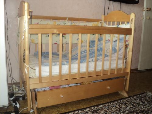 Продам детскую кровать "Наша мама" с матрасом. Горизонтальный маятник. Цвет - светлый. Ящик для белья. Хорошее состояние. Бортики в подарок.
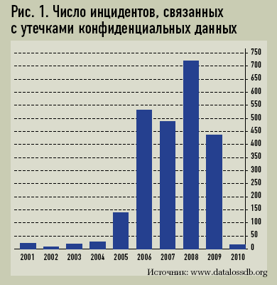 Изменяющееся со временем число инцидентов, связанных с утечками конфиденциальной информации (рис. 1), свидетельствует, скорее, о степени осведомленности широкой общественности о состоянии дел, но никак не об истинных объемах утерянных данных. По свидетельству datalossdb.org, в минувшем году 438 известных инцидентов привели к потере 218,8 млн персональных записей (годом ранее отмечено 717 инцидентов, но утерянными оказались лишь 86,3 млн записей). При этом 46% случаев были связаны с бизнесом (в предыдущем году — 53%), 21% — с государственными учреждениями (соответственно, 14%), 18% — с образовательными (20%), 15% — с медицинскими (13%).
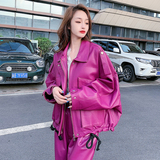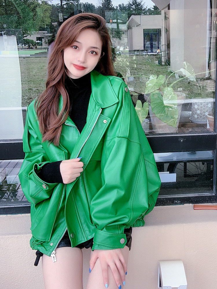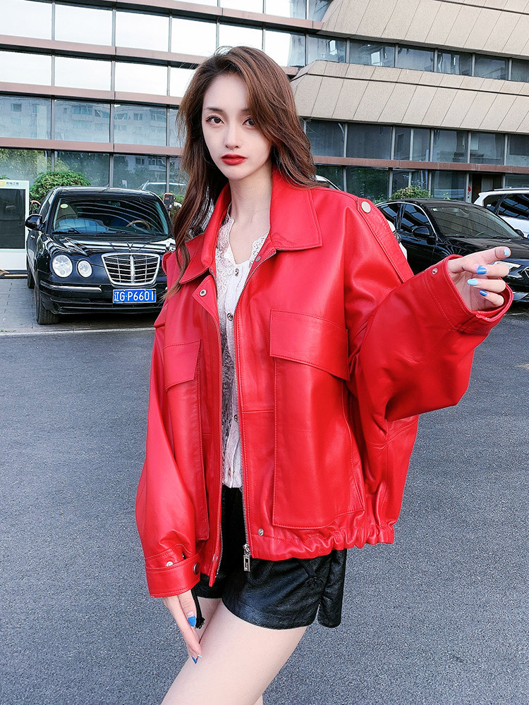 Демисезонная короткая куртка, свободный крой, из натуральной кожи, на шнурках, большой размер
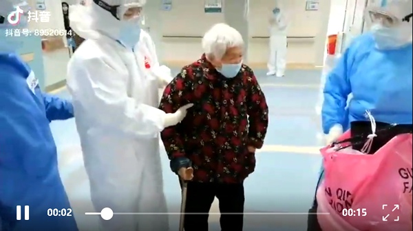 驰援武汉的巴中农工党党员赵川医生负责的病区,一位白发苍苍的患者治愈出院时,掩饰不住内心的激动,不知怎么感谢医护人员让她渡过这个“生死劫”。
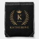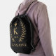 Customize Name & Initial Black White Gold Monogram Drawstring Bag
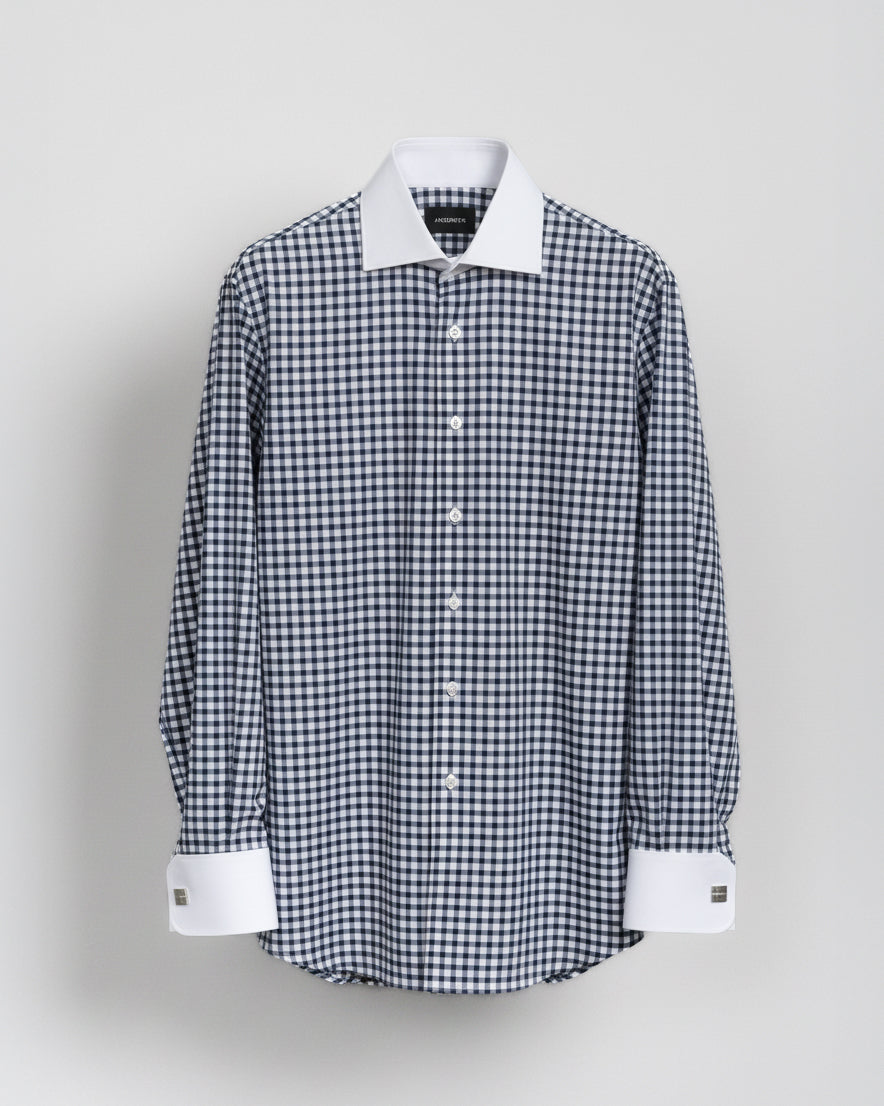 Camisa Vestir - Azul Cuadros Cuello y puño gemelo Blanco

...

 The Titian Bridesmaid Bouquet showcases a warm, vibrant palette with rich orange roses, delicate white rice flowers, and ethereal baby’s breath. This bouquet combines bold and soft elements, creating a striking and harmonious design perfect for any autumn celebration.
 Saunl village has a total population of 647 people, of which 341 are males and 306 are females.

==

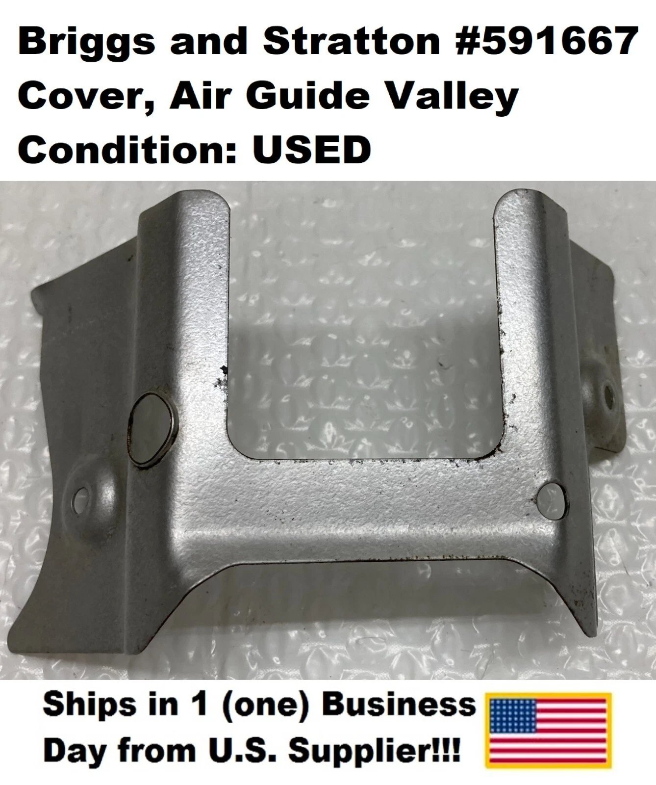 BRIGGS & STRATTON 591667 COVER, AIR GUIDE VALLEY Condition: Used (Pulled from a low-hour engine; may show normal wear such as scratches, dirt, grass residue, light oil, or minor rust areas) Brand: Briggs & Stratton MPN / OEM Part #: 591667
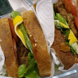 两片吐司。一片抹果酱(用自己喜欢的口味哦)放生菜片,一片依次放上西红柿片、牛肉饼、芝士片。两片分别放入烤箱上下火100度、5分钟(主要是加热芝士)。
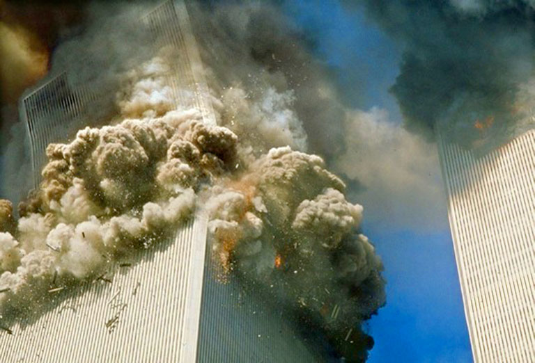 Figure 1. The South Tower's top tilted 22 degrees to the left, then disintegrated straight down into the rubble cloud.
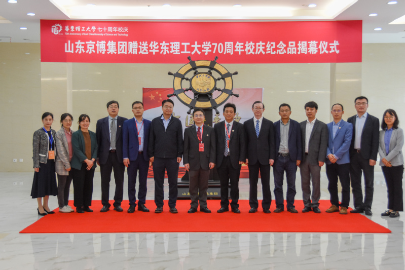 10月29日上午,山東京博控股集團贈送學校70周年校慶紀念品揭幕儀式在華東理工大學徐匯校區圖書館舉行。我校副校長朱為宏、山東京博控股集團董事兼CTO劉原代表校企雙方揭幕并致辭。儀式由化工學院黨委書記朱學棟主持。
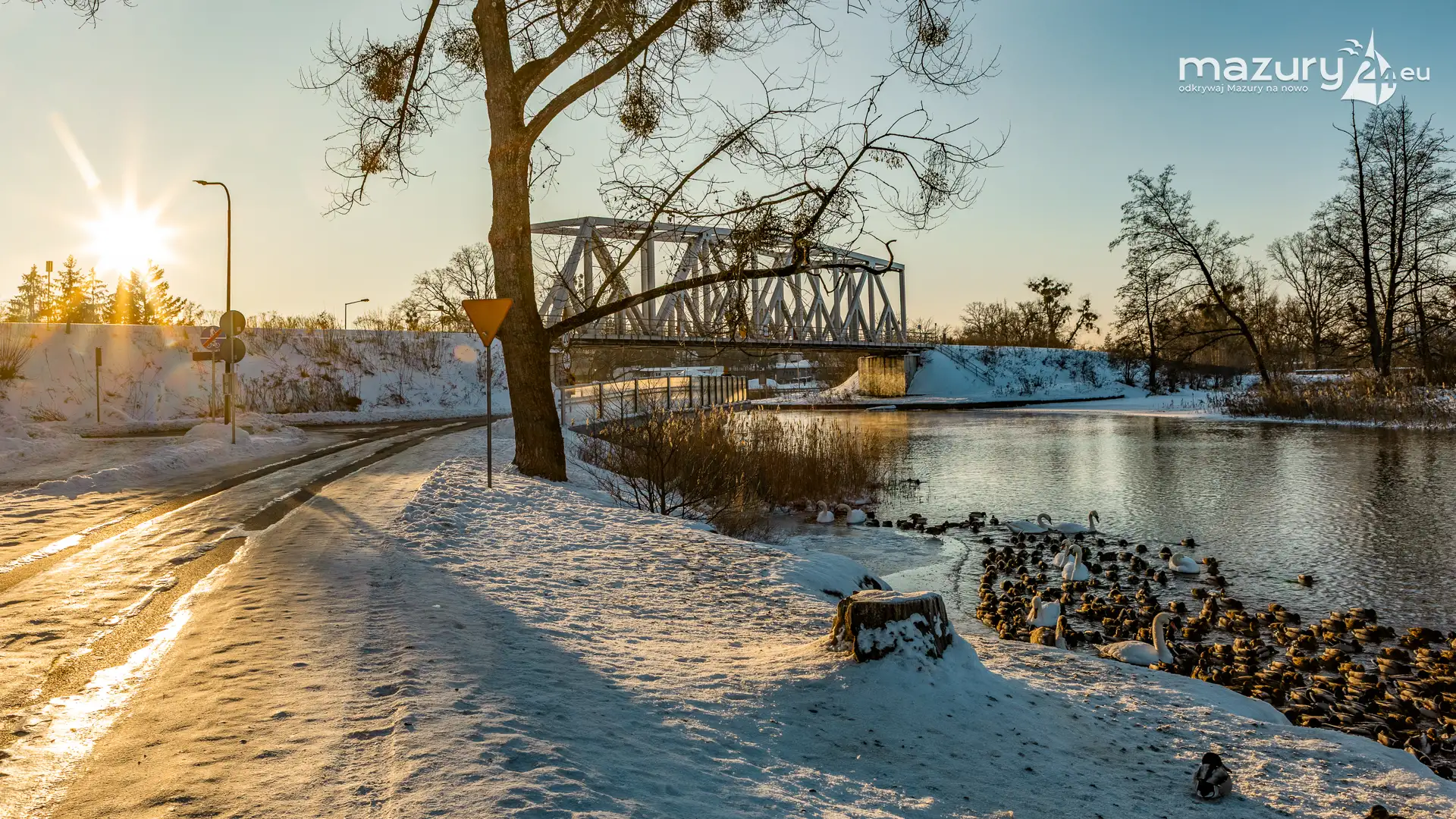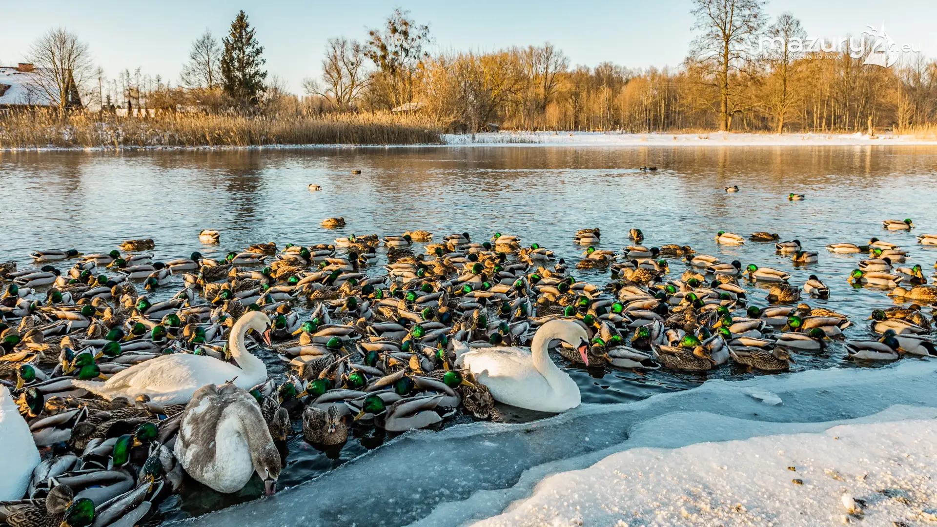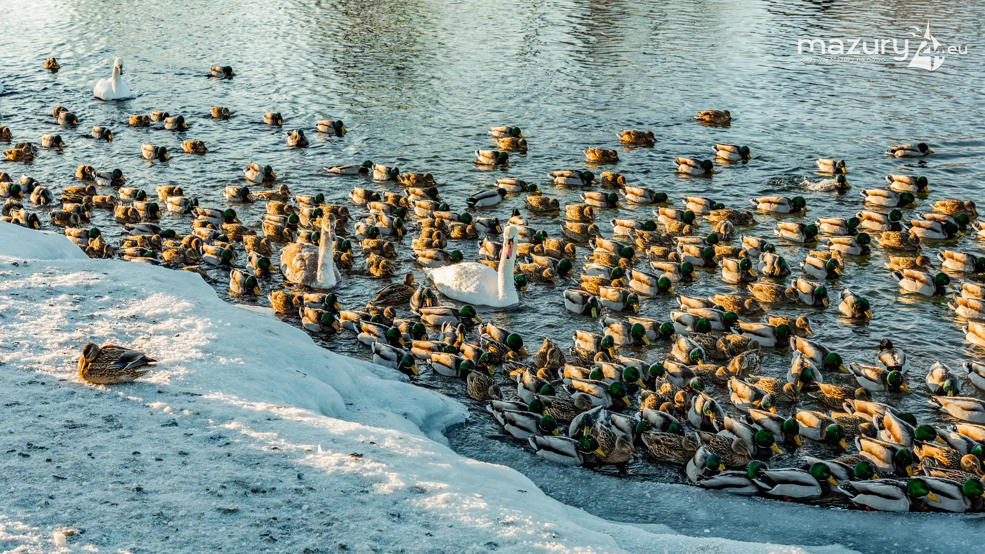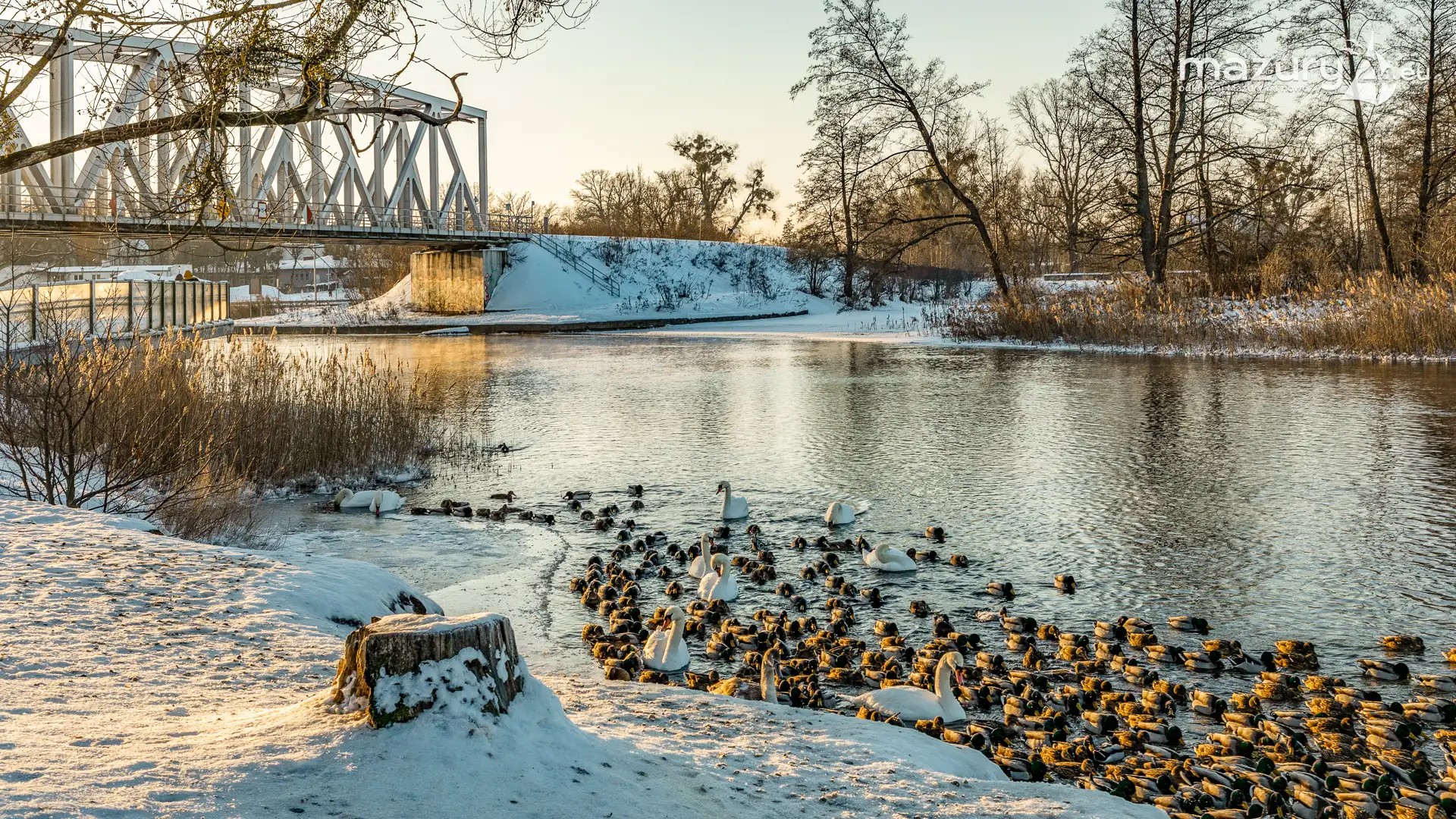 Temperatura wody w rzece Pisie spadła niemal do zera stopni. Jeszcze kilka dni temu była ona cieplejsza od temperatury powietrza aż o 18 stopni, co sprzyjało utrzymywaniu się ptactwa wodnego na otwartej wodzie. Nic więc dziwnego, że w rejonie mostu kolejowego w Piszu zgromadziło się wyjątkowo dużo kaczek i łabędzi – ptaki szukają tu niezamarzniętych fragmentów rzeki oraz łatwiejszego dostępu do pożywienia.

# What to produce
In the entries above, find the line that contains "BRIGGS & STRATTON 591667" and the line that contains "Temperatura wody w". Reproduce exactly those two lines and every line between them, but not the pictures.

# Response to the task
 BRIGGS & STRATTON 591667 COVER, AIR GUIDE VALLEY Condition: Used (Pulled from a low-hour engine; may show normal wear such as scratches, dirt, grass residue, light oil, or minor rust areas) Brand: Briggs & Stratton MPN / OEM Part #: 591667
 两片吐司。一片抹果酱(用自己喜欢的口味哦)放生菜片,一片依次放上西红柿片、牛肉饼、芝士片。两片分别放入烤箱上下火100度、5分钟(主要是加热芝士)。
 Figure 1. The South Tower's top tilted 22 degrees to the left, then disintegrated straight down into the rubble cloud.
 10月29日上午,山東京博控股集團贈送學校70周年校慶紀念品揭幕儀式在華東理工大學徐匯校區圖書館舉行。我校副校長朱為宏、山東京博控股集團董事兼CTO劉原代表校企雙方揭幕并致辭。儀式由化工學院黨委書記朱學棟主持。
 Temperatura wody w rzece Pisie spadła niemal do zera stopni. Jeszcze kilka dni temu była ona cieplejsza od temperatury powietrza aż o 18 stopni, co sprzyjało utrzymywaniu się ptactwa wodnego na otwartej wodzie. Nic więc dziwnego, że w rejonie mostu kolejowego w Piszu zgromadziło się wyjątkowo dużo kaczek i łabędzi – ptaki szukają tu niezamarzniętych fragmentów rzeki oraz łatwiejszego dostępu do pożywienia.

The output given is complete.